Leave out the pictures and retype exactly the lines from the line with "Understanding the Basics of Video Time" through the end of the listing below.

#### SUPPLIED INFORMATION:
+ + +

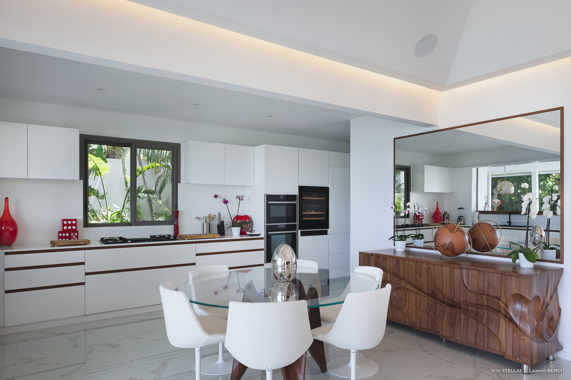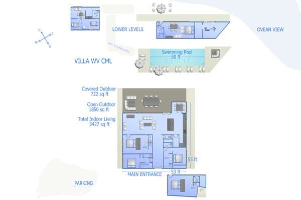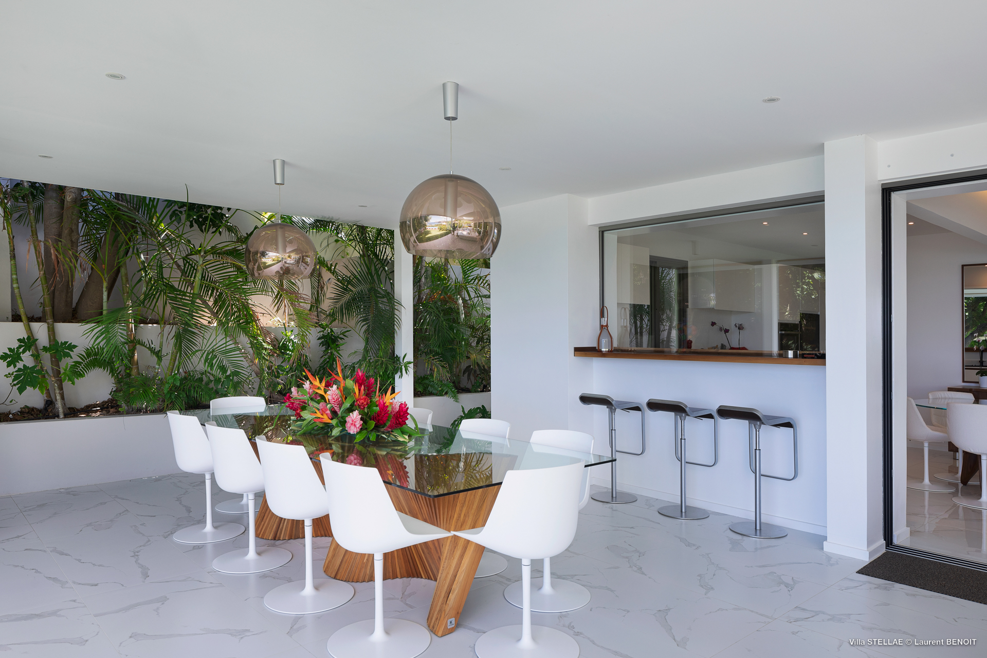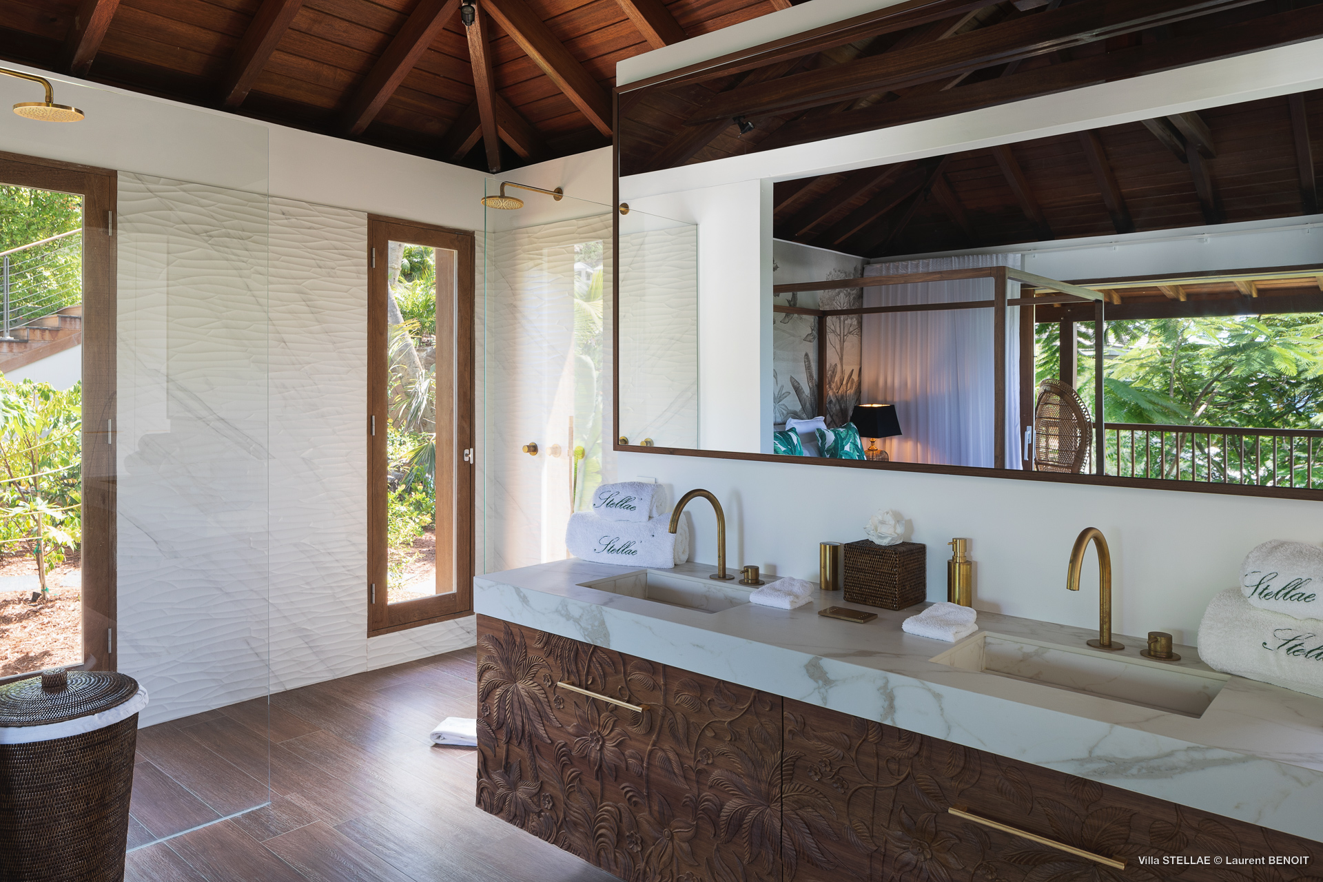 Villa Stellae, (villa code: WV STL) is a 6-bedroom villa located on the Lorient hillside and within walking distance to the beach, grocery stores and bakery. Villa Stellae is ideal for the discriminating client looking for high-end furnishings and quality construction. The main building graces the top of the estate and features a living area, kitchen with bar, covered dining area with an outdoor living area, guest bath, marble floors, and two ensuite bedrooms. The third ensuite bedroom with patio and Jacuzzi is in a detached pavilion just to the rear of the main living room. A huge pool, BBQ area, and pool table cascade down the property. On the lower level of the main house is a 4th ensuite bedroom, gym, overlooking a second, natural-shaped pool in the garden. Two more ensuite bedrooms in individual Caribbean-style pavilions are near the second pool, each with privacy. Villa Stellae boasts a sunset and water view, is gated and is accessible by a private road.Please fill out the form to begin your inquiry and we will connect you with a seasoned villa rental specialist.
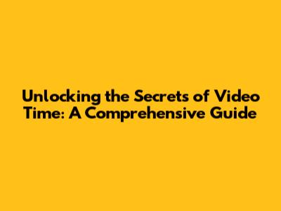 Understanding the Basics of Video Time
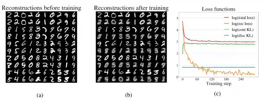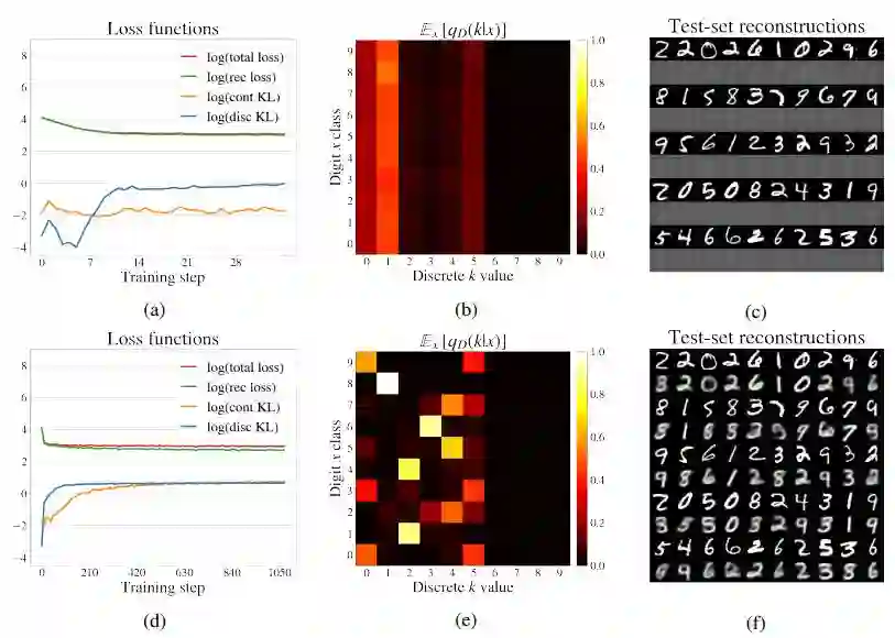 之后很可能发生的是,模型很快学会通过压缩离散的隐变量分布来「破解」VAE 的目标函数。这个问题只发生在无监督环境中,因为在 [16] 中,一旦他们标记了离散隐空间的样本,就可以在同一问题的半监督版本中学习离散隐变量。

+ + +

#### WRITTEN REPLY:
 Understanding the Basics of Video Time
 之后很可能发生的是,模型很快学会通过压缩离散的隐变量分布来「破解」VAE 的目标函数。这个问题只发生在无监督环境中,因为在 [16] 中,一旦他们标记了离散隐空间的样本,就可以在同一问题的半监督版本中学习离散隐变量。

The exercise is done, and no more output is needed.